ASSIGNED TASK:
Below are the records; collect from them each line containing the string "with".

DATA EXCERPTS:
========================

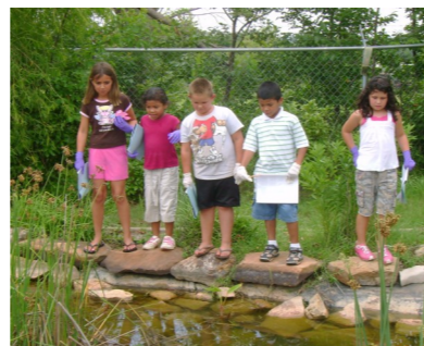
ITO's Nature Center

For additional information about the Water Pollution Control Program or about future outreach activities, please contact the Office of Environmental Services at (405)547-
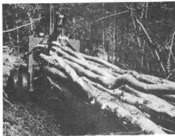
Figure 4.--Dual-tired sulky used to skid tree-length hardwood pulpwood by the Brown Company, N. H.
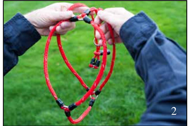
Hold the loops with the smaller loop closest to your body as shown in photo 2.
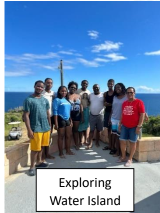
Exploring Water Island
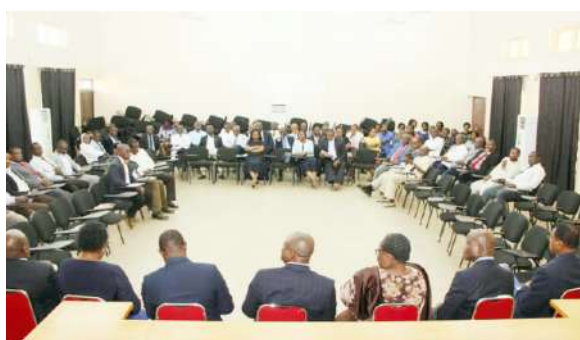
UATH Management having a round table meeting with Consultants at the beginning of the year.

========================

RESULT OF THE TASK:
Hold the loops with the smaller loop closest to your body as shown in photo 2.
UATH Management having a round table meeting with Consultants at the beginning of the year.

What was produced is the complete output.